One thing that I’ve always wondered about is, why do some species produce more soldiers than others? I’ve cracked open lots of twigs, and the numbers of soldiers are highly variable. And my experiments have shown that most species don’t obviously change their soldier production in response to environmental changes. There has been lots of great work to understand variation within a single species, but interspecific comparisons have been scant.

I can understand why there hasn’t been much comparative work. Measuring caste ratios of entire colonies can be hard. Find a Pheidole colony in the back yard and compare the number of soldiers and workers. See, not easy, huh? You’ve got to dig them up. Unless, of course, your backyard is a rainforest. In that case, you just pick up twigs. Over the years, I estimate that I and my students have picked up over 106 twigs over the years. Thousands of these have had Pheidole colonies inside. The rainforest is diverse, so I have data on many species. How do they compare?

Well, I learned that the caste ratios were different among species. Some species produced way more soldiers than others. Considering that we know so little about the natural history of these species, there wasn’t a great basis for comparing many of these species to one another. But one thing we could examine, quite easily, was body size. And, as it turned out, that was super-duper predictive of solider investment. Smaller species produced more soldiers than larger ones. When this pattern emerged on my laptop, it was one of those moments of elation that are very cool, but then you don’t have anybody with whom to share.

Then, I dug through the literature so see if the information that we had about caste ratios and body size shows the same pattern that I found in my rainforest. It turns out that the relationship is as identical as you can get. Our local scale pattern recapitulated Pheidole from around the world, and across the phylogeny.
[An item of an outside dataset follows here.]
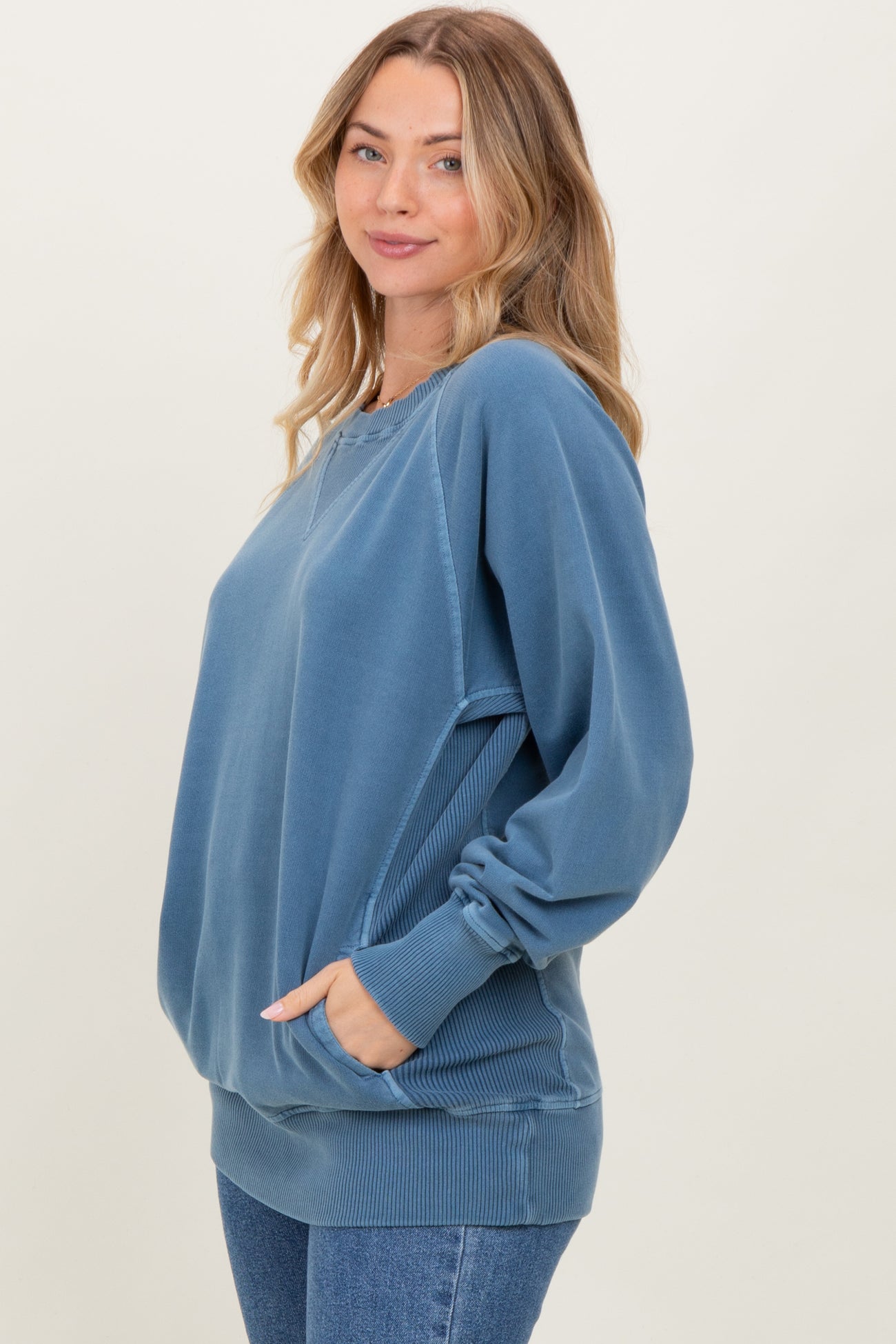 Embrace cozy comfort with our Blue Vintage Wash French Terry Pullover. Crafted from soft French terry fabric, this pullover features a relaxed fit that drapes effortlessly for all-day ease. The vintage wash adds a stylish, worn-in look, perfect for casual outings or lounging at home. Designed with ribbed cuffs, hem, and a subtle V-notch detail at the neckline, it adds timeless charm to your wardrobe. Convenient front pockets keep your essentials close while enhancing its laid-back vibe. Pair it with jeans or leggings for an effortlessly chic, everyday outfit. Your new go-to comfort staple!

Now, if you ask someone, what controls soldier production in Pheidole? You can say the answer is quite clearly body size. How and why does body size control this? There is some cool work that’s been done on this intraspecifically, that presumably is a mechanism that works more broadly.

How did my discovery of this generalized relationship come about from avoiding models? If you look at the work on soldier production, ever since Oster & Wilson published their monograph in the 1970s, there’s been a strong emphasis on modeling the mechanisms that trigger and regulate soldier production. Meanwhile, nobody before me bothered to step back to look at the big picture and ask, “how are species different and what is predictive of that?” If they did, then they would have found the caste ratio data in the literature as I had, and looked at the most obvious predictor: body size. Others were modeling solider production. I was merely trying to find a pattern.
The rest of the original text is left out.